🤖 AI Summary
To address privacy leakage from model inversion (MI) attacks, this paper pioneers the adaptation of Random Erasing (RE)—originally a data augmentation technique—into a data-level privacy defense mechanism. During training, RE probabilistically erases random rectangular regions in input images, thereby actively degrading the model’s capacity to encode fine-grained private details. The method requires no architectural modifications or loss-function alterations, ensuring orthogonality and compatibility with existing defenses, and effectively alleviates the privacy–utility trade-off. Evaluated across 23 diverse experimental settings, our approach achieves state-of-the-art privacy–utility balance: reconstructed images suffer a substantial PSNR degradation of 12.6 dB, while classification accuracy drops by less than 1.2%. It consistently outperforms mainstream defense strategies in both privacy preservation and task performance.
📝 Abstract
Model Inversion (MI) is a type of privacy violation that focuses on reconstructing private training data through abusive exploitation of machine learning models.

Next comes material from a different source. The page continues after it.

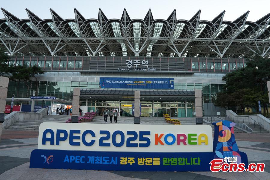 Photo taken on Oct. 27, 2025 shows the Gyeongju Train Station in the Republic of Korea (ROK). The 32nd APEC Economic Leaders' Meeting will be held in Gyeongju from Oct. 31 to Nov. 1, 2025. (Photo: China News Service/Liu Xu)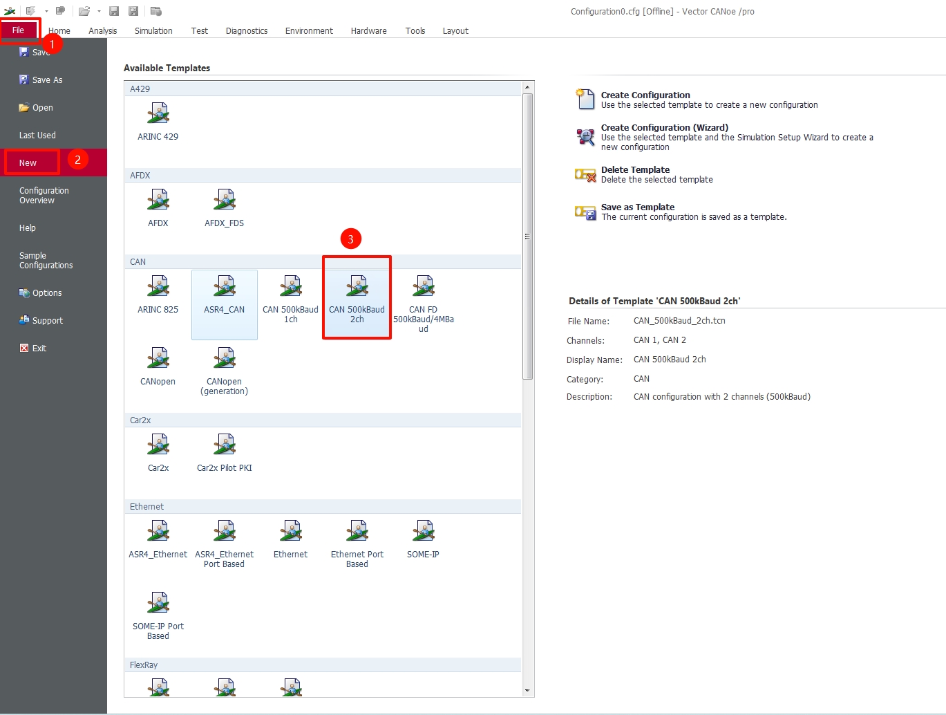 在主界面左上角依次选择 File → New → CAN 500 2ch,新建一个基于 ISO CAN FD (Flexible Data‑Rate)的双通道工程。

To defend against MI attacks, state-of-the-art (SOTA) MI defense methods rely on regularizations that conflict with the training loss, creating explicit tension between privacy protection and model utility. In this paper, we present a new method to defend against MI attacks. Our method takes a new perspective and focuses on training data. Our idea is based on a novel insight on Random Erasing (RE), which has been applied in the past as a data augmentation technique to improve the model accuracy under occlusion. In our work, we instead focus on applying RE for degrading MI attack accuracy. Our key insight is that MI attacks require significant amount of private training data information encoded inside the model in order to reconstruct high-dimensional private images. Therefore, we propose to apply RE to reduce private information presented to the model during training. We show that this can lead to substantial degradation in MI reconstruction quality and attack accuracy. Meanwhile, natural accuracy of the model is only moderately affected. Our method is very simple to implement and complementary to existing defense methods. Our extensive experiments of 23 setups demonstrate that our method can achieve SOTA performance in balancing privacy and utility of the models. The results consistently demonstrate the superiority of our method over existing defenses across different MI attacks, network architectures, and attack configurations.